Why I cannot use wildcard type in parameter to compute

Question

Going straight to the point (I know that one should avoid using wildcard types as the returning type)

I was writing this answer and the following code:

public static Map<?, Long> manualMap(Collection<?> c){
    Map<?, Long> map = new HashMap<>();
    c.forEach(e -> map.compute(e, (k, v) -> (v == null) ? 1 : v + 1));
    return map;
}

which gets the following warning:

Required type: capture of ?

Provided: capture of ?

and a suggestion from IntelliJ to

Change variable 'map' to 'Map<?, Object'

which makes even less sense. Naturally, it fails when I try to apply the suggestion.

Originally, I though "okey it has to do with the fact that it does not match the compute signature", namely:

default V compute(K key, ...) 

So I tried

public class MyMap <T>{
    public static <T> void nothing(Collection<T> c){
         // Empty
    }
}

and

 public static Map<?, Long> manualMap(Collection<Collection<?>> c, Map<?, Long> map){
     c.forEach(MyMap::nothing);
     return map;
 }

and I had no issue.

The following two versions:

public static <T> Map<?, Long> manualMap(Collection<?> c){
    Map<T, Long> map = new HashMap<>();
    c.forEach(e -> map.compute((T) e, (k, v) -> (v == null) ? 1 : v + 1));
    return map;
}

and

public static Map<?, Long> manualMap(Collection<?> c){
    Map<Object, Long> map = new HashMap<>();
    c.forEach(e -> map.compute(e, (k, v) -> (v == null) ? 1 : v + 1));
    return map;
}

work without any problem (except for a warning in the (T) the case).

So the question is

Why the first version does not work?

Answer 1

The first method does not compile because of "capture conversion", that happens at each declaration. You can read my other answer about this, or this one. But to put it simply, you will have two separate types there, which you can see when you compile via:

 javac --debug=verboseResolution=all

And the output will contain:

.....
CAP#1 extends Object from capture of ?
CAP#2 extends Object from capture of ?
...

which means there are two types that have been capture converted. These types are unrelated to each other, the way you have it.

This on the other hand:

public static <T> void nothing(Collection<T> c){

}

is called wildcard capture method (it "captures" a wildcard) and is documented in official tutorial on why it works and how; thus you have no problem with that.

---

But the main problem here is that you can't assign anything (other than null) to a wildcard. So in your compute example, the first argument is going to be inferred to a ? and you can't assign anything to that.

Answer 2

public static Map<?, Long> manualMap(Collection<?> c){
    Map<?, Long> map = new HashMap<>();
    c.forEach(e -> map.compute(e, (k, v) -> (v == null) ? 1 : v + 1));
    return map;
}

Here, you have three wildcards: the one on the parameter, the one on the map variable, and the one on the return value. (The return value one isn't super relevant).

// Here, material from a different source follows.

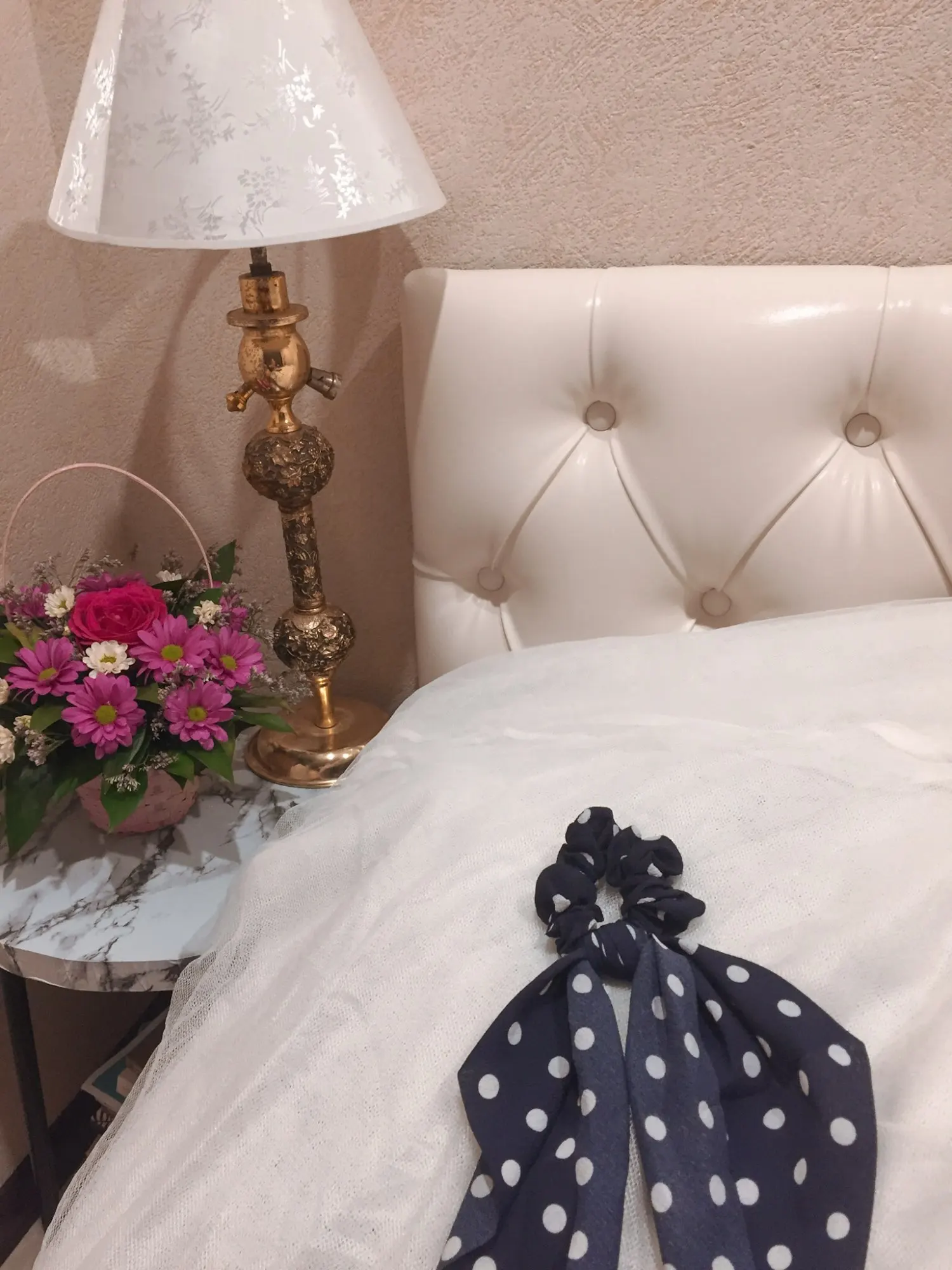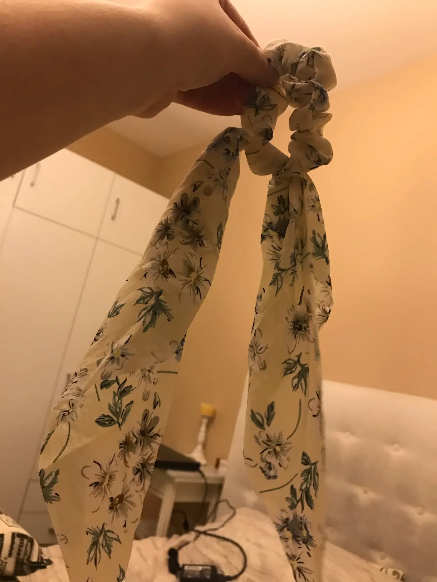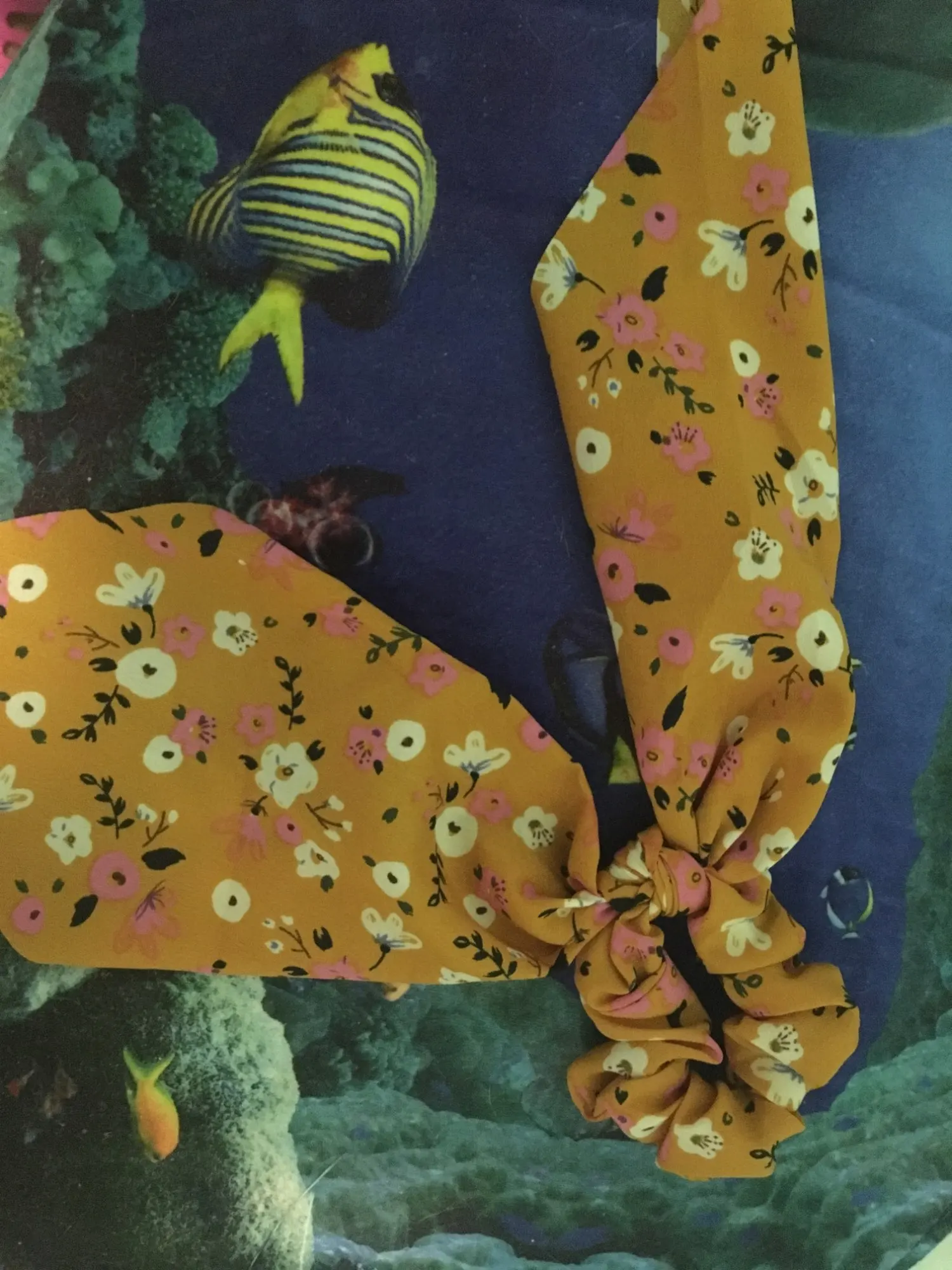Очень красиво, просто огорчитесь, потому что не могу купить все принты. Очень женственный и романтичный с этой эластичной резинкой. При нормальном использовании держать в высоком хвосте, думая, что я выгляжу крестьянкой. Идеально и хорошего качества, настоятельно рекомендую ^

You are trying to pass elements from the collection (of one wildcard type) into a method of the map (of another wildcard type).

The compiler doesn't know that those two are "meant to be" the same, so it doesn't accept a "collection" wildcard where it needs a "map" wildcard.

You can indicate that they are the same type via a type variable:

public static <T> Map<?, Long> manualMap(Collection<T> c){
    Map<T, Long> map = new HashMap<>();
    c.forEach(e -> map.compute(e, (k, v) -> (v == null) ? 1 : v + 1));
    return map;
}

Here, T is a type that you don't know; but you know it's the same unknown type in both cases.

Or you can just declare it in a way that doesn't need two wildcards:

return c.stream().collect(groupingBy(a -> a, counting()));

Answer 3

The problem is that your method is accepting a collection of type "I don't care", but you're also creating a map with keys of "I don't care". That does not mean the types you do not care about are the same types. For that you need to actually bind the type, by using a type variable e.g.

public static <T> Map<T, Long> manualMap(Collection<T> c){
    Map<T, Long> map = new HashMap<>();
    c.forEach(e -> map.compute(e, (k, v) -> (v == null) ? 1 : v + 1));
    return map;
}

The method will still accept any types of collections, but it cares enough to keep track of the type and there's no wildcards or warnings anywhere, yay!